We also visited the ruins at Ephesus, to which we went by a slow train. Frequent earthquakes have laid everything in magnificent ruin—remains of ampitheatres, temples, aqueducts, are all levelled to the ground. Most of the houses are built of wood which give in seismic shocks, but the facades are of marble.

The Hamals are wonderfully strong, short but active men, and carry immense loads upon their backs, the veins in their legs looking like ropes. These are all Armenians and are trained from infancy.

We visited the Bazaar and the Turkish quarter, but were glad to escape the dust and the quaint species of humanity.


It may not be uninteresting reading now that the papers are filled with news of the war between the allies and Turkey, if I recall one of the pleasantest and most exciting days I ever spent during my sojourn in the Ottoman Empire. I would first of all remark, that Turkey occupies the most beautiful portion of Europe. The soil, being so volcanic, produces a wealth of luxurious fruits, especially grapes and figs; but the Turkish Government, as well as the Turks themselves, being naturally indolent, never think of cultivating the soil as they might. Therefore, there is more poverty among them, through their laxity, than wealth.

The part of Turkey in which I happened to have recently arrived was the lovely island of Lesbos, the birthplace of Sappho, and with very mixed feelings have I stood on the very spot on the road to Polyknito, where that impulsive maid so long ago threw herself from that Leucadian steep into the blue waters beneath. Of recent years, a young lady I knew, threw herself from the same spot and perished—a victim of unrequited love.

Well, two or three Greek girl friends and myself made up our minds to have a real good day’s outing, so, packing our luncheon baskets, we were off before sunrise, as, living some distance from the town of Mitylene, we had a long walk in front of us. We started in high spirits, and were nearing the town when I heard what, to my unsophisticated ears, was a most peculiar awe-inspiring sound. I found it was produced by the Hozahs at sunrise, calling from the minarets of the mosques, the faithful to prayer. And Turks they may be, but, they shame us by their devotions, which all the jeers in the world would never prevent.

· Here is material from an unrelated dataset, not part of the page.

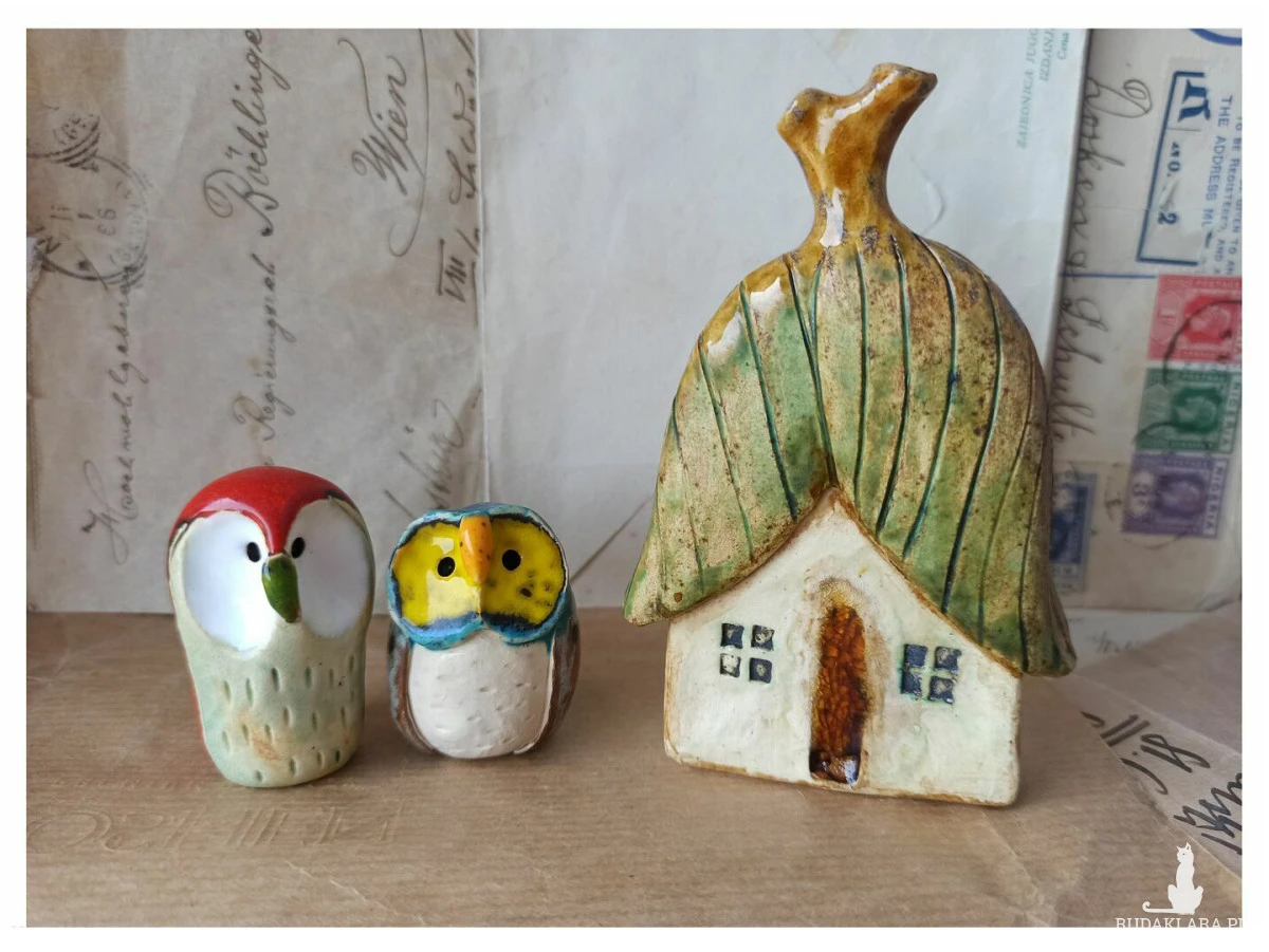 Domek ceramiczny z listkiem na dachu o wymiarach ok 7,5 cm x 11 cm oraz sówki o wymiarach 2,5 cm x 5 cm oraz 3 cm x 4 cm wykonane z gliny szamotowej wypalone na biskwit, a następnie szkliwione w temp ok 260 stopni C. Dostępne rónież osobno. Polecam serdecznie.
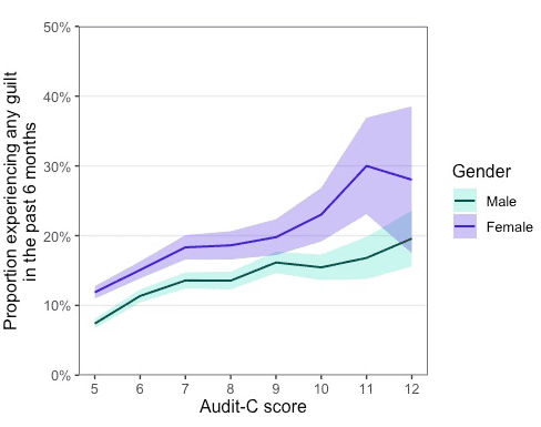 One of the clearest findings was that women were more likely than men to report guilt or remorse after drinking — even after accounting for how much they drank and whether they had experienced alcohol-related harm.

We toiled along up the hill towards the Konah, the kiosk, being near by the Governor’s residence, and at the top we stood admiring the sunrise over the hills of Anatolia, in Asia Minor; and the view right along to the heights of Smyrna in the distance was superb. Every inch of this part of eastern Europe is teeming with historical interest. We walked along past the Turkish graveyard, the tombs of which are all surmounted with turbans beautifully sculptured, giving in the dusk a most weird appearance, as though human beings stood there on guard.

At length we arrived at the Loutra, as it is called. The thermal water is conducted underground from the hot springs. We entered a small garden enclosed by a wall; then we were ushered into a room containing dozens of small cupboard-like compartments, scrupulously clean. Our entrance fee was five piasters, or tenpence in English money. We were each supplied with clean towels. Then I, at least, went timorously towards the apartment where the first portion of our ablutions were to be carried out. An attendant came forward to receive us. The first apartment was very warm, and we remained there until the perspiration began to trickle down on to our towels which we secured round our waists. Then came the ordeal.

On entering the “chamber of horrors” (I thought at first) I could scarcely breathe, the air was so hot, and then I noticed that the floor in this dome-shaped chamber sloped towards the middle. Suddenly several taps were turned on, gently at first, and the attendant smeared us all over the top part of our bodies with Fuller’s earth, after which, the taps were turned on full speed, and we raced round that room while the attendants pursued us, and smacked us soundly in turn. We slid around on the marble floor, but kept losing our footing. Our faces were scarlet, and oh! the dirt that came from the pores of our skin. And we had thought we were clean! Well, the smacking process went on; the water seemed hotter than ever, and at last we were allowed into the cooler chamber, as we were feeling exhausted. The attendant was a Turkish woman, but spoke Greek sufficiently to make herself understood. I have often thought since she was an unusually active person for a Turkish woman.